I did learn the hard way about crafting duplicates.  I usually will craft items from the animals "want list" and until it is crafted it still has the option to craft it and I ended up with two alpine sofas.  I really wish we could arrange the furniture list, and that there was some way of knowing which item you are currently crafting.    

I did make the mistake of using tickets to speed some things up at the beginning as well as craft items to get animals in my camp faster, and get through the timed and stretch goals.  I just started playing this game last week, can you tell I am impatient.  I do plan to slow it down though, because I don't want to burn out on it either.  I have been tempted to buy a ticket pack, but I have to remind myself of how many other games I have spend money on that I burned out on and no longer play   I do want to support the developers, I guess that is my excuse to buy, and I do like that this game really doesn't seem to be as much of a money grab as other games I have paid for (which is another reason I stopped playing them because the ONLY way to progress was to spend real money and I have a limit)
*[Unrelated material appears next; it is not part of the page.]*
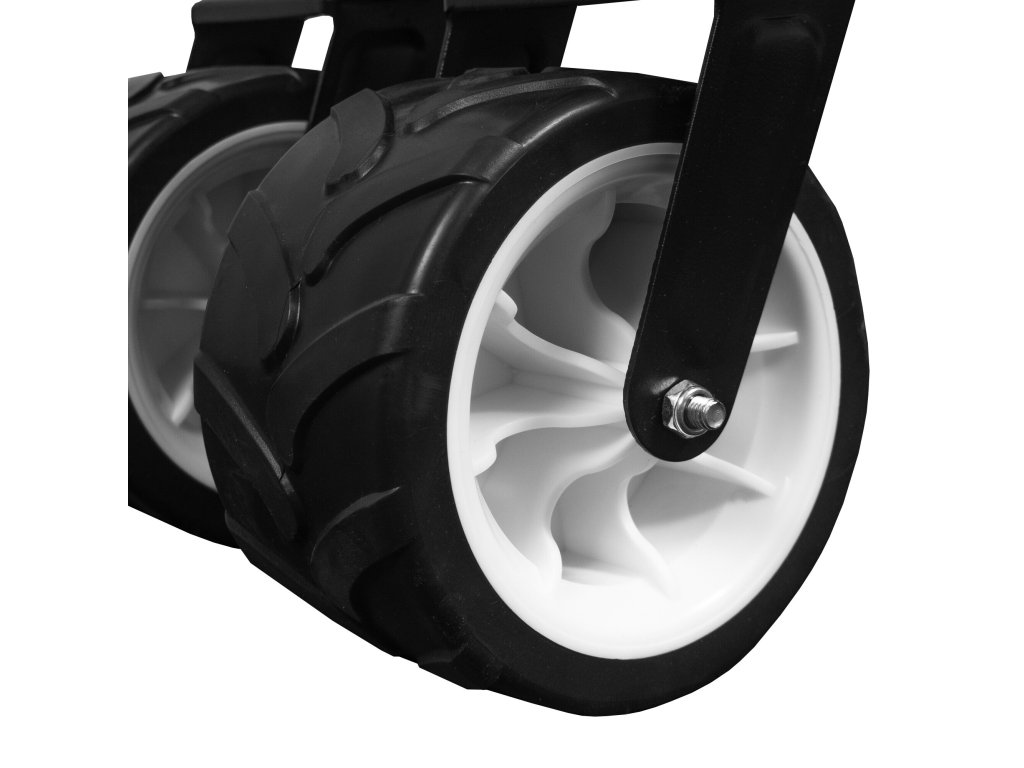 Díky velkému nákladovému prostoru vejde do vozíku vše potřebné a převezete jej na extrémně odolných plastových kolech, která dobře poslouží i při jízdě v terénu.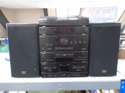 A Technics five piece HiFi separates system with speaker and box of leads.

Now I have other things to work towards, your suggestion of prioritizing the animals with paper and preserves makes sense, and I plan to work on that next.


----------



## TykiButterfree (Dec 12, 2017)

My strategy is to try to have about 5 of each kind of item so I can do most villager requests easily. If I get low on something, I will try to find more or visit friends and check the market boxes. I expanded the inventory a bit and it works pretty well since I don't play that often.

My problem is never having any cotton. Most of the villagers I like just give steel. I don't mind using leaf tickets to go to the quarry or if I need materials since it is pretty easy to level up and that always gives more leaf tickets. I feel like it is pointless to use them to speed up crafting though. I just check the next day and everything I was crafting is usually done by then.


----------



## jenikinz (Dec 12, 2017)

TykiButterfree said:


> My strategy is to try to have about 5 of each kind of item so I can do most villager requests easily. If I get low on something, I will try to find more or visit friends and check the market boxes. I expanded the inventory a bit and it works pretty well since I don't play that often.
> 
> My problem is never having any cotton. Most of the villagers I like just give steel. I don't mind using leaf tickets to go to the quarry or if I need materials since it is pretty easy to level up and that always gives more leaf tickets. I feel like it is pointless to use them to speed up crafting though. I just check the next day and everything I was crafting is usually done by then.



I used up all my leaf tickets expanding my storage boxes, I used to keep at least 6-8 of each of the most requested items, but now I am keeping at least 10-12 since I have more storage.  When I have time, and all the requests have been fulfilled I go and replenish everything in storage for the next batch of requests.  It has been working out very well.


I had the same issue with cotton, that is why I made sure I had at least two of each animal that gives cotton, steel, and wood, and one of each for the preserves and paper.  I also started using the request tickets on animals that give cotton, and now I have plenty of cotton.  Once I can invite animals that give paper and preserves I plan to boot one steel and one wood giving animal since I seem to always have plenty of those items,  but the paper and preserves...those items are rarely given out and it seems when you need them you need a LOT of them.


----------